WEDNESDAY, April 26, 2006 (HealthDay News) -- New research suggests that taking large doses of vitamins C and E won't prevent preeclampsia, a relatively common but potentially dangerous pregnancy complication.

In a study of nearly 2,000 women pregnant for the first time, researchers found that the addition of these antioxidant vitamins didn't decrease the rate of preeclampsia or lower the risk of complications for infants of women with preeclampsia.

"Our study found that for women in the first pregnancy, taking vitamin C and E supplements did not reduce the risk of developing preeclampsia," said study author Alice Rumbold, a postdoctoral research fellow at the University of Adelaide and Women's and Children's Hospital in North Adelaide, Australia.

"However, there was nothing in the results to suggest that the vitamin C and E supplements were harmful to the baby," she added.
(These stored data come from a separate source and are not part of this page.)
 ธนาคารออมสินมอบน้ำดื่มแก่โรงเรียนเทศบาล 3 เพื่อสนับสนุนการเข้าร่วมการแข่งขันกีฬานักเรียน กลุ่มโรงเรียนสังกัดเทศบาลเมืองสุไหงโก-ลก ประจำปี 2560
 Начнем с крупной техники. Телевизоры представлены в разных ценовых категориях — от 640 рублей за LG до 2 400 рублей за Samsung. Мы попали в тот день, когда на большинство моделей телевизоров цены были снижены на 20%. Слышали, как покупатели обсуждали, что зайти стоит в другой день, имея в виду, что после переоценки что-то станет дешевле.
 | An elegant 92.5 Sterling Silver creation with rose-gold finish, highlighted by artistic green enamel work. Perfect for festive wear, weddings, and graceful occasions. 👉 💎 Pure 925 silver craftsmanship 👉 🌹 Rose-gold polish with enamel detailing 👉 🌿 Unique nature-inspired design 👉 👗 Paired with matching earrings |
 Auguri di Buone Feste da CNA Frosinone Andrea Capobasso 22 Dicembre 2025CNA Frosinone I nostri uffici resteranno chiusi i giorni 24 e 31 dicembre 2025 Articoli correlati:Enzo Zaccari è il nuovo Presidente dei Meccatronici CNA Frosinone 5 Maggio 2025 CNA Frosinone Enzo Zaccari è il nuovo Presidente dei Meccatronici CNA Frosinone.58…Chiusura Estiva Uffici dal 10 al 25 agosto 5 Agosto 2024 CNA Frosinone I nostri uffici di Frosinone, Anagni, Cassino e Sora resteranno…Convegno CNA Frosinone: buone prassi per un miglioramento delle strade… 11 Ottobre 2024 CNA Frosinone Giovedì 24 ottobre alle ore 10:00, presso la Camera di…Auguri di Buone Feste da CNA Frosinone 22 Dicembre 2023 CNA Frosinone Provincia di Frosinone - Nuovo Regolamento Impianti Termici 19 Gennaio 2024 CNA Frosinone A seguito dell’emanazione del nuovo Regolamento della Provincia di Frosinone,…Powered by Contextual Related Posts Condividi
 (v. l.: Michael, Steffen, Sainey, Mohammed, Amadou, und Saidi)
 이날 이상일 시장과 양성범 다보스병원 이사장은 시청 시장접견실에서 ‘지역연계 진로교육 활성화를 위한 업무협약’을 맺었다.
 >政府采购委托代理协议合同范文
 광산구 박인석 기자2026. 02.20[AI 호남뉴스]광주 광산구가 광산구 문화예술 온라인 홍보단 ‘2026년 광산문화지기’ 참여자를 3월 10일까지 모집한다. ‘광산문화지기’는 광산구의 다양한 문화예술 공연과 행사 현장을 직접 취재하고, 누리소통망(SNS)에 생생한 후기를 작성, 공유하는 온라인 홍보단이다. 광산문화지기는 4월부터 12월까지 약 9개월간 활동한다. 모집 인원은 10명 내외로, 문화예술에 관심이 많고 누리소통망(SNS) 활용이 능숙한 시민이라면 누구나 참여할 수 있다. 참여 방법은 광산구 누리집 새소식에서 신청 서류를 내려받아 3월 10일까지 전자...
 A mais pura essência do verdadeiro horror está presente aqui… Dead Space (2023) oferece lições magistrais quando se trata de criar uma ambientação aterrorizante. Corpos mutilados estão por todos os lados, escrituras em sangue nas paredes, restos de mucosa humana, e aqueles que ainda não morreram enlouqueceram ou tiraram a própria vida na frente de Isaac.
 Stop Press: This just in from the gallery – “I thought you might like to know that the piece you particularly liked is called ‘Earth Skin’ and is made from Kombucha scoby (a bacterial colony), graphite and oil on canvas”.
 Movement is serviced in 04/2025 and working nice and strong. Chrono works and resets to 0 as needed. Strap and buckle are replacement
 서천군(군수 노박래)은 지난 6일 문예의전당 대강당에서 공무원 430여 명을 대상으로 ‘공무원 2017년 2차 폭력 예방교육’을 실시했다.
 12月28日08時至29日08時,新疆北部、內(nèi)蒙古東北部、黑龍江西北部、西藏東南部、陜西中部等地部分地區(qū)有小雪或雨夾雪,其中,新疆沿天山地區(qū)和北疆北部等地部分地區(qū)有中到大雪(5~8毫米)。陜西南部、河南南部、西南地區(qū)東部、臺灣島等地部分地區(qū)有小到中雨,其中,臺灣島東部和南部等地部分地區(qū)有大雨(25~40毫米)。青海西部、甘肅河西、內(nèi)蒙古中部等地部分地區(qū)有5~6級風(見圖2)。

Results of the study appear in the April 27 issue of the New England Journal of Medicine.

About 5 percent of all pregnant women in the United States develop preeclampsia, according to the March of Dimes. The first signs are usually high blood pressure and protein in the urine. Risk factors for preeclampsia include: first pregnancy, 10 years since previous pregnancy, carrying multiple fetuses, being overweight, being under 20 or over 35, or having a history of high blood pressure, diabetes, kidney disease, lupus or preeclampsia in a previous pregnancy, according to the March of Dimes.

The current study included 1,877 Australian women who were pregnant for the first time. The researchers excluded women who were pregnant with multiple fetuses and women with chronic health conditions, such as kidney disease and high blood pressure.

Nine hundred and thirty-five women were randomly assigned to receive vitamin therapy and 942 were given a placebo. The vitamin therapy consisted of 1,000 milligrams of vitamin C and 400 international units of vitamin E daily, beginning in the second trimester and continuing until delivery.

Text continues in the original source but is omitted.